SPI-KEDIRI
Seorang peneliti dan jurnalis menggelar pameran foto bunga anggrek berdasar penelitiannya selama 12 hari di Papua. Tidak hanya foto, sejumlah spesimen anggrek yang belum memiliki nama juga dipamerkan.
Sedikitnya ada 25 foto anggrek yang dipamerkan, 7 di antaranya merupakan jenis anggrek asal papua yang baru ditemukan dan belum mempunyai nama.
25 karya foto anggrek asal papua ini dipamerkan di Kafe Jalan Stasiun Kota Kediri. Foto-foto ini diambil di Pegunungan Arfak Papua Barat yang didanai oleh Pulitzer Center selama 12 hari perjalanan.
Penelitian anggrek di Pegunungan Arfak ini dilakukan oleh Yuda Rehata Yudistira, seorang fotografer alam dan taksonom. Ketertarikannya pada anggrek membawanya menjadi orchidologist (peneliti anggrek), bersama dengan Titik Kartitiani seorang jurnalis dan penulis buku dengan tema lingkungan flora fauna, keragaman hayati, budaya serta tim perintis majalah Flona (flora fauna).
Dalam perjalanannya, mereka menemukan sedikitnya 7 jenis baru anggrek yang belum pernah ditemukan, bahkan belum mempunyai nama. Saat ini ketujuh anggrek tersebut masih dalam penelitian.

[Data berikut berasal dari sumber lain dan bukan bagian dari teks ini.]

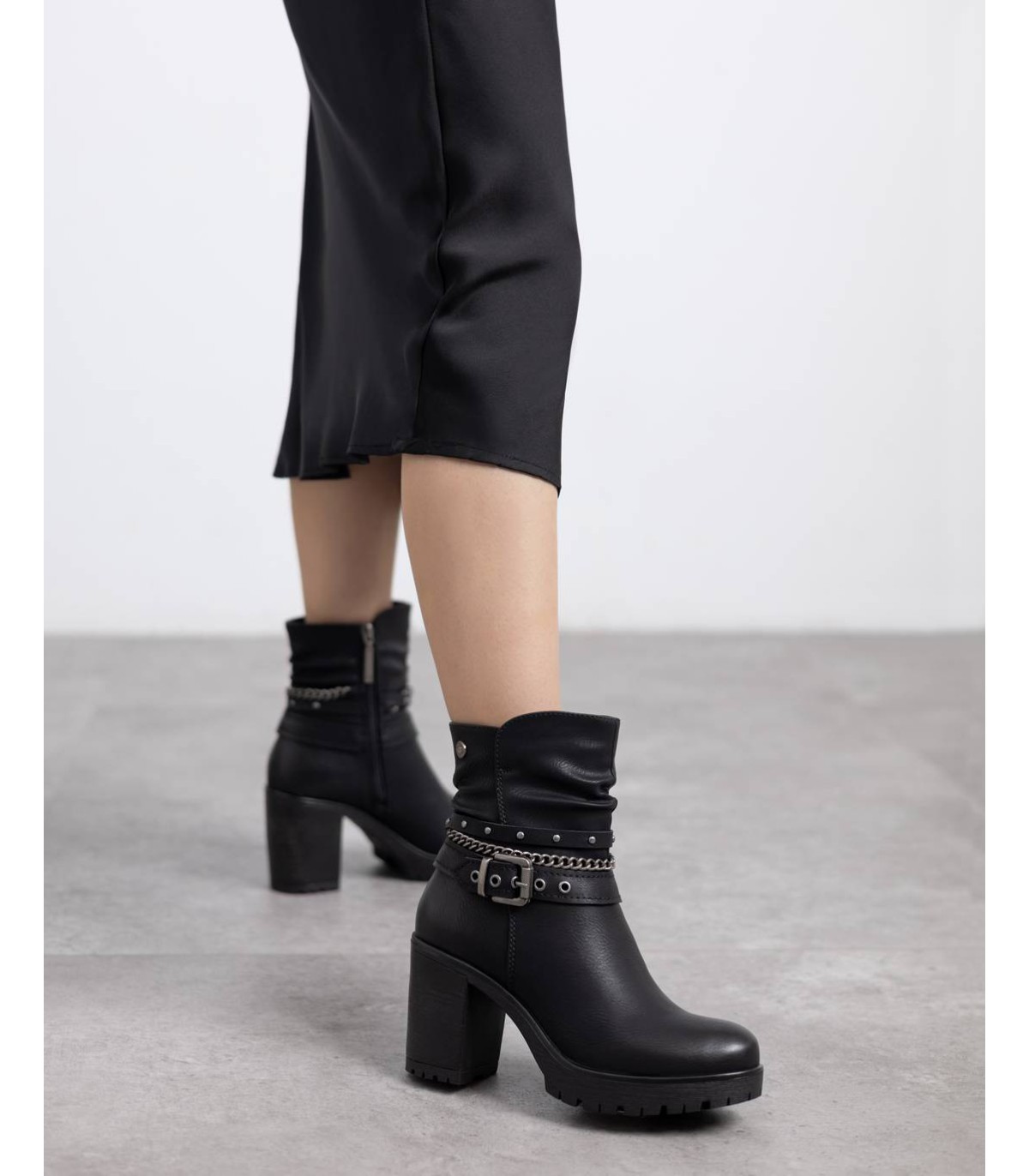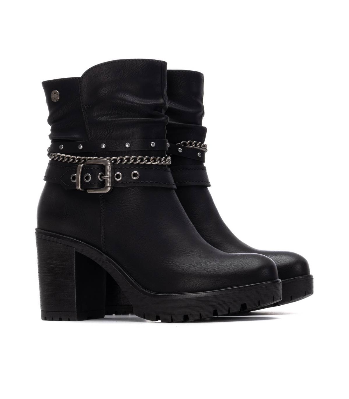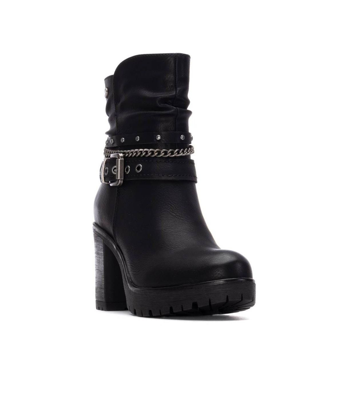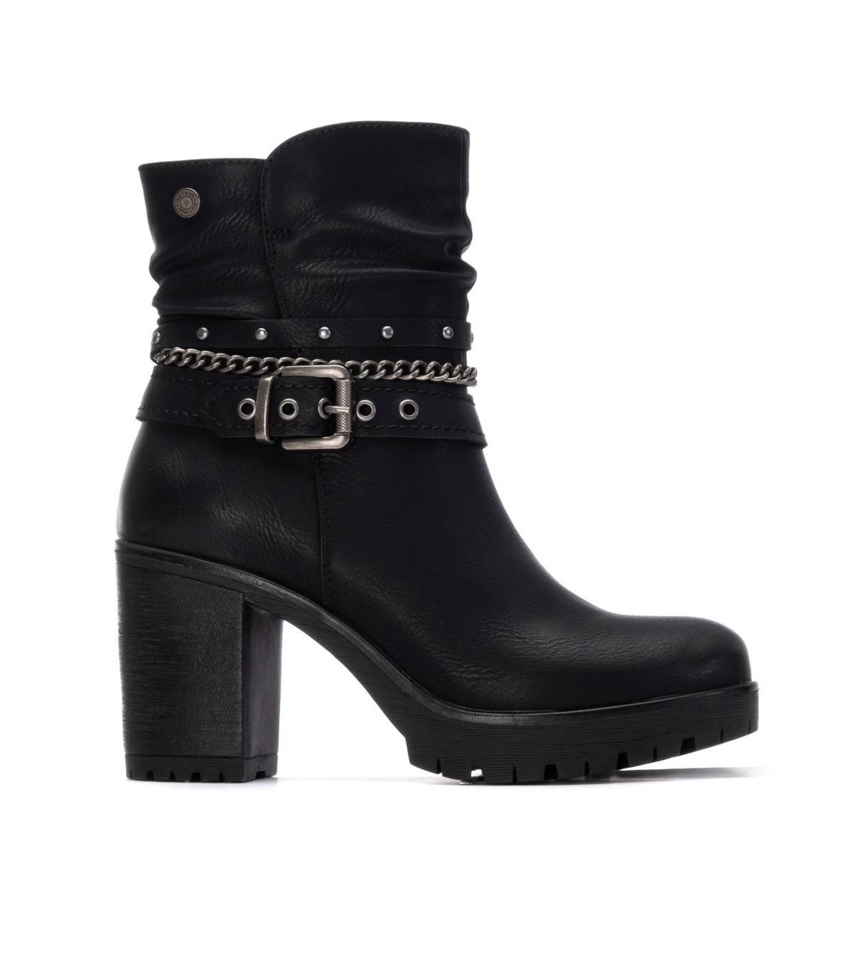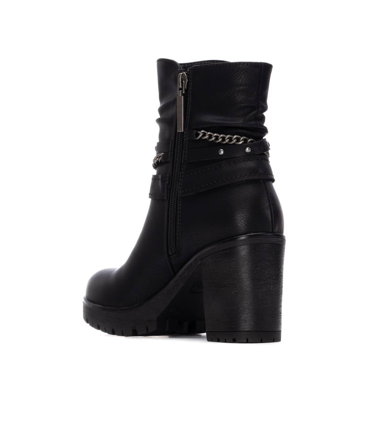 Botín de mujer, de la marca Refresh. Fabricado en material que imita a la piel. Cintas y correas al tobillo decorativas. Cierre mediante cremallera interior. Tacón de 9 cm con suela de goma antideslizante. Con plantilla extraíble. Este modelo ha obtenido el certificado vegano por la organización mundial PETA (Organización de los derechos de los animales).

Yuda mengatakan pameran dan penelitian ini penting untuk ilmu pengetahuan serta mendata keanekaragaman hayati di Papua. Dalam waktu dekat Yuda juga akan melakukan penelitian di Nusa Tenggara Timur.
“Pegunungan Arfak di ketinggian lebih dari 2000 mdpl memberi keragaman anggrek yang sangat tinggi. Banyak anggrek yang saya temukan di sana dan baru pertama kali saya lihat. Meski sudah banyak para taksonom yang ke sana sejak abad ke-19, namun saya yakin masih banyak jenis baru yang menunggu kita temukan,” kata Yuda kepada wartawan, Selasa (12/7/2022).
Sementara itu, menurut Titik, penemuan mereka hendaknya bisa ‘dibumikan’ dengan bahasa awam sehingga semua orang bisa membaca. Sudah banyak publikasi jurnal taksonom Indonesia menemukan anggrek jenis baru, namun pembacanya hanya kalangan terbatas.
“Saya berharap akan lebih banyak teman-teman jurnalis yang bisa berkolaborasi dengan para peneliti. Selain kita bisa belajar langsung di lapangan, kita juga bisa menjadi jembatan informasi untuk publik dengan bahasa populer. Harapannya, makin banyak pembaca mengenal keragaman hayati, makin sadar dengan konservasi hutan hujan di Indonesia,” kata Titik.
Karya ilmiah pemuda yang tinggal di Sumedang ini telah dipublikasikan di sejumlah jurnal internasional. pameran foto ini akan berlangsung hingga tanggal 13 Juli.